Mehr

Freifahrtschein für Südamerika? Was eine WM-Erweiterung auf 64 Teams bedeuten würde

Die WM 2030 könnte erneut erweitert werden.
Die WM 2030 könnte erneut erweitert werden.EYEPIX / NurPhoto via AFP

Die Fußball-Weltmeisterschaft wird immer größer. Von den 16 Mannschaften im Jahr 1982 über 24 Teilnehmer bis 1998 zur inzwischen etablierten 32er-Endrunde, und ab Sommer 2026 erstmals mit 48 Teams. Doch die nächste Debatte ist längst entfacht: Sollte das Jubiläumsturnier 2030 tatsächlich mit 64 Nationen ausgetragen werden? Wir haben untersucht, was ein neuerlich erweitertes Weltturnier bedeuten würde.

Den Anstoß gab der uruguayische Verbandspräsident Ignacio Alonso, der das Modell im März im FIFA-Rat „spontan“ ins Spiel brachte. Wenig später machte der südamerikanische Verband CONMEBOL daraus einen offiziellen Vorschlag und sieht darin eine angemessene Form, das 100-jährige Jubiläum der WM zu feiern. Die FIFA selbst hält sich bedeckt: Man werde alle Ideen prüfen, eine Entscheidung sei aber nicht in Sicht.

Die Befürworter sprechen von einer nie dagewesenen Inklusivität. CONMEBOL-Chef Alejandro Dominguez argumentiert, niemand solle bei der „größten Fußball-Party des Planeten“ ausgeschlossen werden. Tatsächlich würde ein 64er-Feld mehr als 30 Prozent der 211 FIFA-Mitglieder umfassen und so vielen Nationen das Debüt ermöglichen, ähnlich wie Katar 2022 oder die möglichen Neulinge Kap Verde, Usbekistan und Jordanien 2026. 

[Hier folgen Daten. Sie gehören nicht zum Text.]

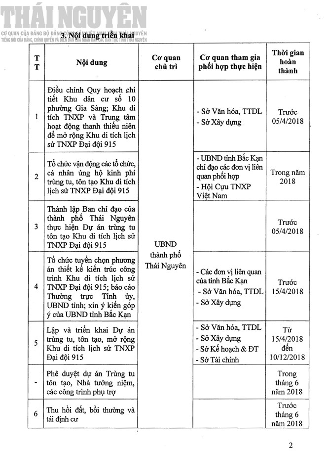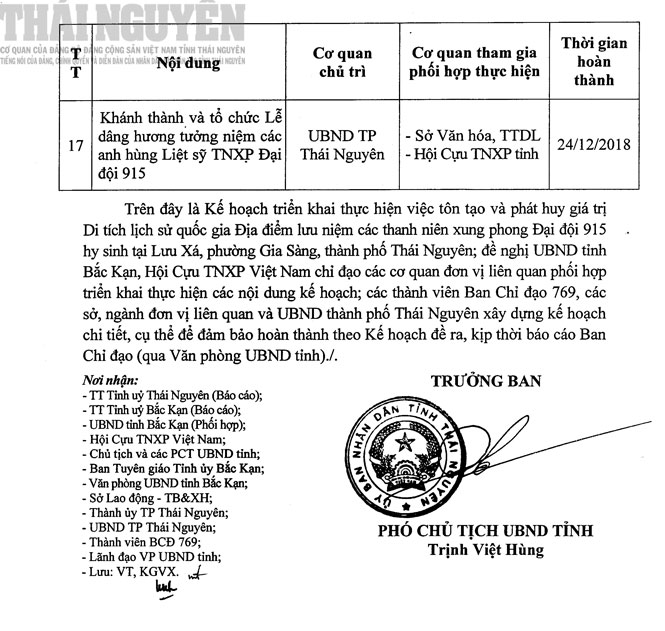 Ngày 3/4/2018, Ban Chỉ đạo tôn tạo và phát huy giá trị di tích lịch sử quốc gia địa điểm lưu niệm các TNXP Đại đội 915 hy sinh tại Lưu Xá, phường Gia Sàng, thành phố Thái Nguyên đã ban hành Kế hoạch số 40/KH-BCĐ triển khai thực hiện tôn tạo và phát huy giá trị Khu Di tích lịch sử Quốc gia Địa điểm lưu niệm các thanh niên xung phong Đại đội 915 hy sinh tại Lưu Xá, phường Gia Sàng, thành phố Thái Nguyên. Dưới đây là nội dung Kế hoạch: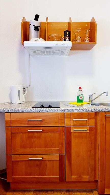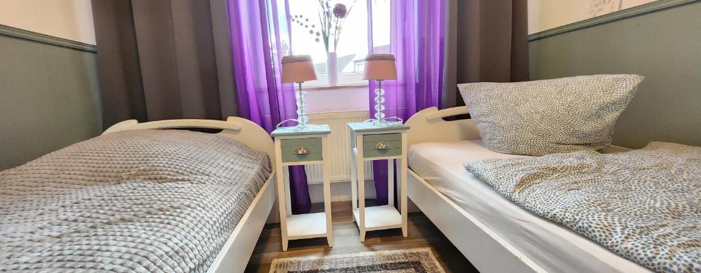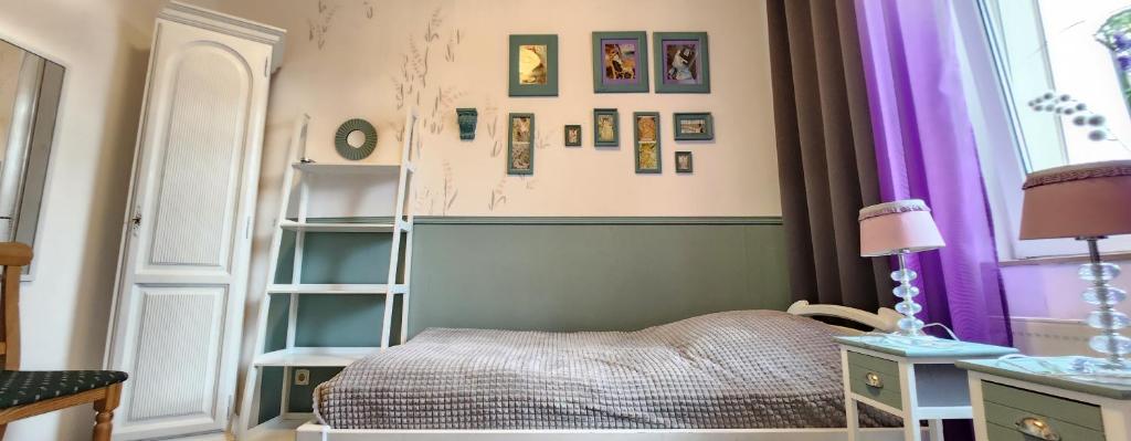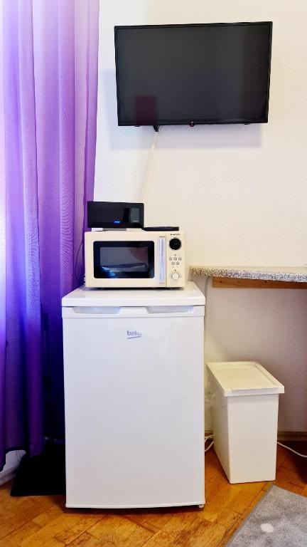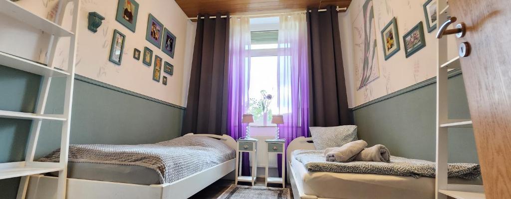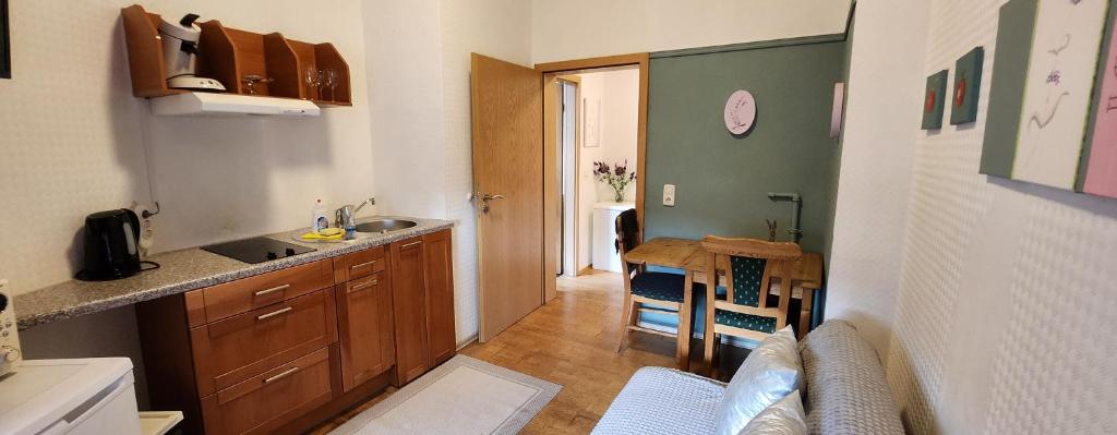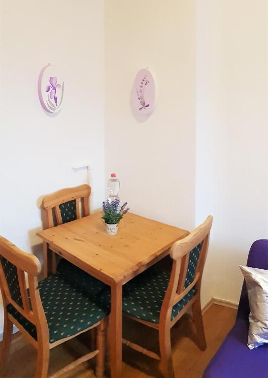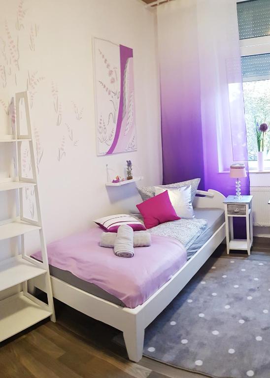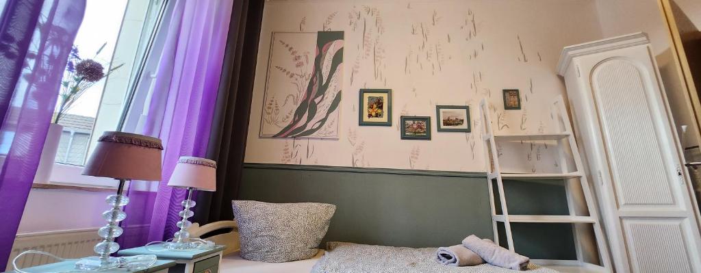Cozy one-bedroom ELENA flat Lavendel in Duisburg Zentrum features a living room, kitchenette with coffee machine, microwave, stovetop, washing machine, and free WiFi. Pet-friendly, ideal for solo travellers or couples.

Kritische Stimmen aus der UEFA

Zudem locken gewaltige finanzielle Perspektiven: Schon das 48er-Format 2026 soll Rekordeinnahmen von 11 Milliarden Dollar einbringen, eine noch größere Bühne verspricht noch mehr Sponsoren- und TV-Gelder.

Doch der Widerstand ist groß. UEFA-Präsident Aleksander Ceferin spricht von einer „schlechten Idee“, Concacaf-Boss Victor Montagliani hält die Pläne für schädlich „für das gesamte Fußball-Ökosystem“. Auch Asiens Verband AFC warnt vor „Chaos“. 

Die Kritiker befürchten weniger sportliche Qualität, mehr einseitige Spiele und eine Qualifikation, die ihren Reiz verliert. Zusätzlich geraten Nachhaltigkeit und Logistik unter Druck: Mehr Reisen, mehr Flüge, mehr Emissionen. Fan-Initiativen wie „Fossil Free Football“ warnen vor einem ökologischen Rückschritt und dem Verlust der sportlichen Spannung.

Die Dimensionen wären enorm: 128 Spiele, verteilt auf 16 Vierergruppen, aus denen je zwei Teams ins Achtelfinale einziehen. Schon das 48er-Turnier 2026 mit 104 Spielen wirkt auf viele unübersichtlich – ohne spielfreie Tage, mit bis zu sechs Partien an einem Tag.

Qualifikation ohne Wert?

Für 2030 müsste die Gruppenphase noch dichter gepackt und zusätzliche Stadien eingeplant werden. Argentinien, Uruguay und Paraguay, die ohnehin einige Vorrundenspiele austragen sollen, könnten dabei stärker eingebunden werden.

Die Strahlkraft einer WM lebt auch von den Dramen der Qualifikation, etwa vom wiederholten Scheitern Italiens. Ein 64er-Format würde solche Überraschungen fast ausschließen. Die großen Nationen wären praktisch gesetzt, kleinere Verbände erhielten automatisch mehr Startplätze.

Gianni Infantino gilt als treibende Kraft hinter den WM-Erweiterungsplänen.
Gianni Infantino gilt als treibende Kraft hinter den WM-Erweiterungsplänen.Ron Sachs/CNP/Profimedia

Für die Südamerikaner etwa, bei denen ohnehin nur zehn Teams antreten, böte sich die Chance, über die bislang maximal sieben Tickets hinaus weitere Nationen ins Turnier zu bringen – und sich die Qualifikation damit de facto zu sparen.

Klar ist: Würde die Idee einer WM mit 64 Teams Realität, hätte sich die Weltmeisterschaft in nur acht Jahren verdoppelt, ein historisch beispielloser Schritt. Ob diese Vision gefeiert oder als Größenwahn abgestempelt wird, liegt nun in den Händen der FIFA und ihrer politischen Partner.